— Exercise description —
An exact copy of every record is needed, with all pictures omitted.

— Supplied entries —
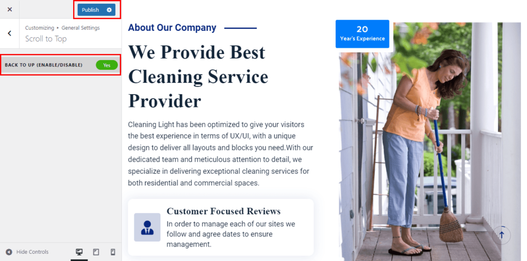 The theme comes with the option to show/hide scroll to top button on your website. The scroll to top button will allow you scroll back your website to its top section by clicking it.
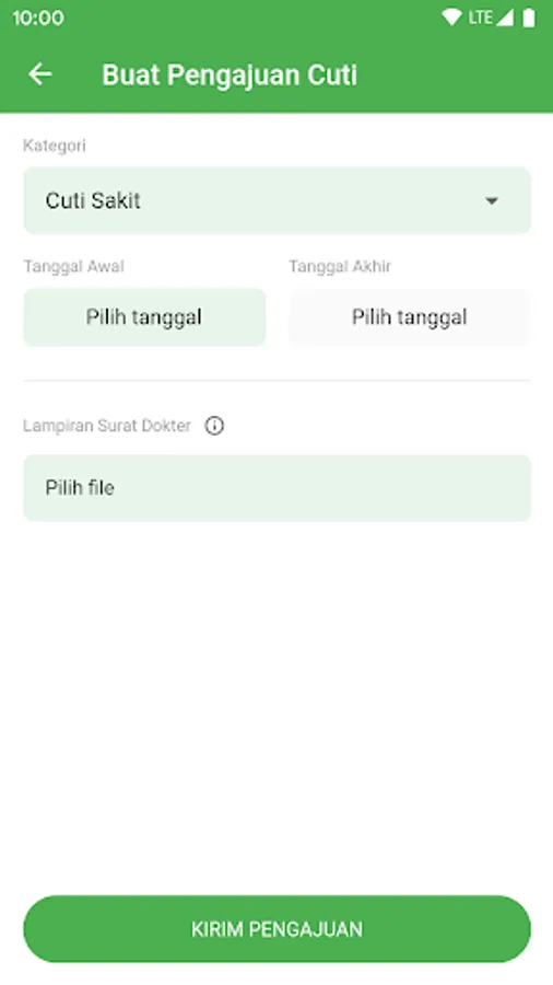 Each employee can manage permits and leave in the form of making permit and leave applications, edit applications and delete applications that have not been verified. Permission and leave categories can be selected from the category column, each submission in the form of an employee's Pain Permit must attach a scan of the doctor's permission letter to be attached to the submission.
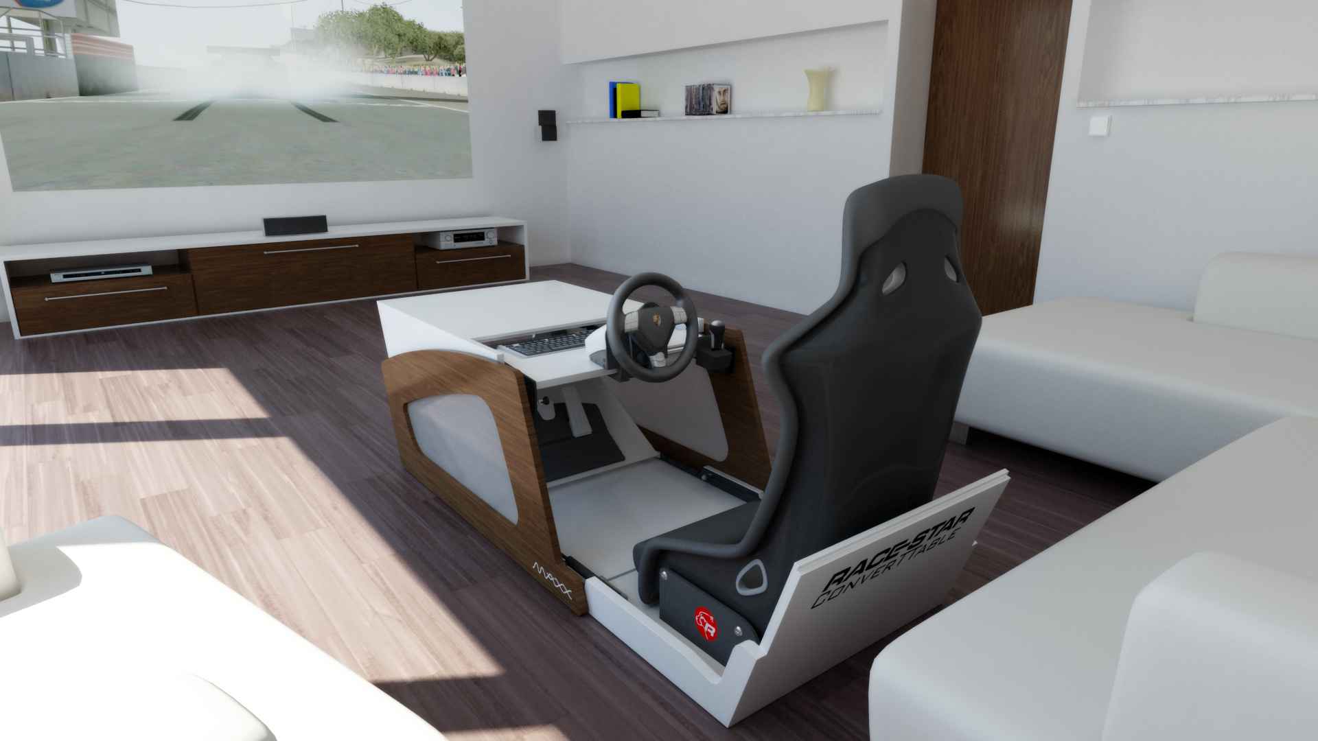 Race Star à trouver la solution en fusionnant une table basse avec un simulateur, un peu comme les canapés convertibles. Celui-ci est réglable et pour toutes les tailles.
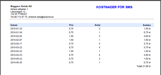 Under Arkiv | SMS-kostnader kan du se hur många SMS du har skickat och hur mycket det har kostat.
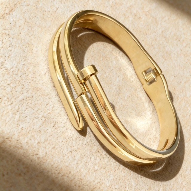 Geef je look een stoere en moderne twist met deze unieke armband met spijkerontwerp. Geïnspireerd op de kracht en eenvoud van industriële vormen, straalt dit sieraad een perfecte balans uit tussen edgy en elegant
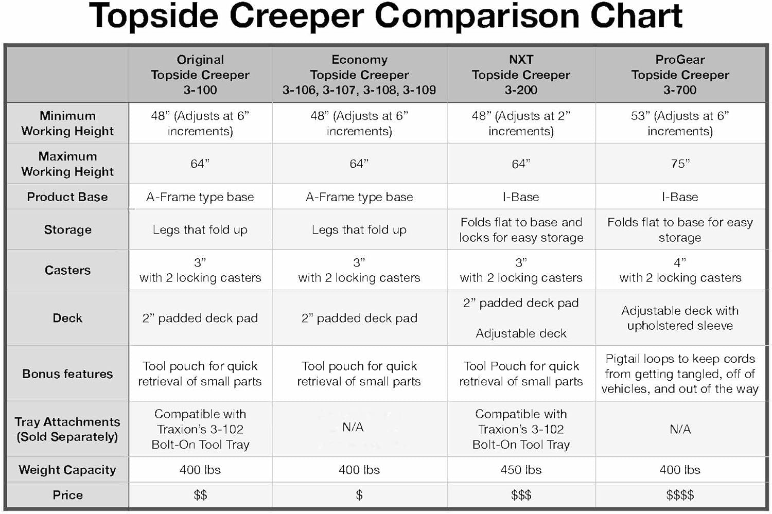 - Fits on the 3-100 Original TraxionTopside Creeper & the 3-200 Topside Creeper NXT
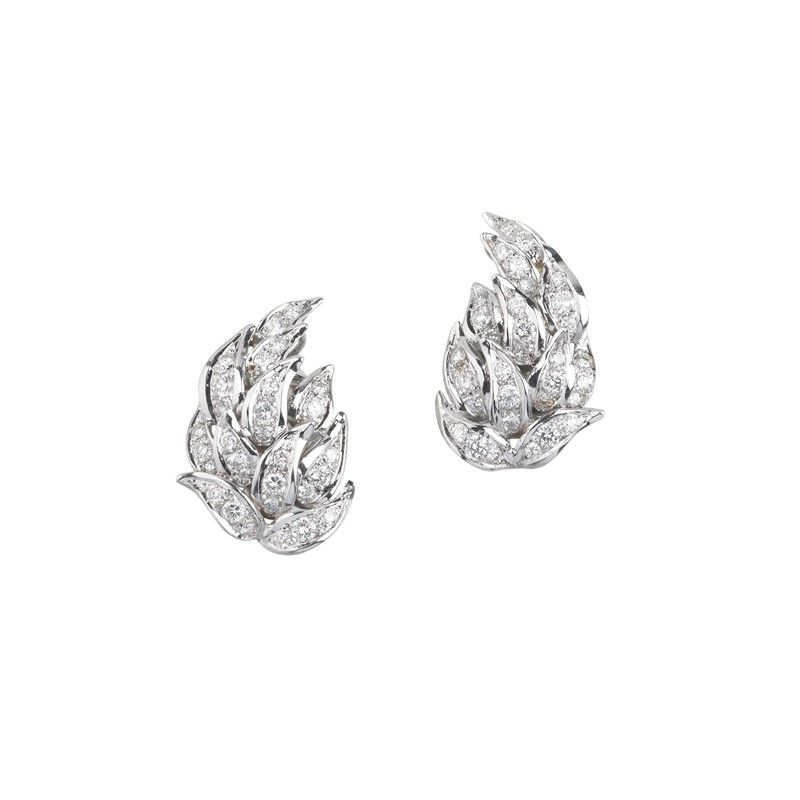 BRANCH-SHAPED DIAMOND EARRINGS IN 18KT WHITE GOLD

— Result —
 The theme comes with the option to show/hide scroll to top button on your website. The scroll to top button will allow you scroll back your website to its top section by clicking it.
 Each employee can manage permits and leave in the form of making permit and leave applications, edit applications and delete applications that have not been verified. Permission and leave categories can be selected from the category column, each submission in the form of an employee's Pain Permit must attach a scan of the doctor's permission letter to be attached to the submission.
 Race Star à trouver la solution en fusionnant une table basse avec un simulateur, un peu comme les canapés convertibles. Celui-ci est réglable et pour toutes les tailles.
 Under Arkiv | SMS-kostnader kan du se hur många SMS du har skickat och hur mycket det har kostat.
 Geef je look een stoere en moderne twist met deze unieke armband met spijkerontwerp. Geïnspireerd op de kracht en eenvoud van industriële vormen, straalt dit sieraad een perfecte balans uit tussen edgy en elegant
 - Fits on the 3-100 Original TraxionTopside Creeper & the 3-200 Topside Creeper NXT
 BRANCH-SHAPED DIAMOND EARRINGS IN 18KT WHITE GOLD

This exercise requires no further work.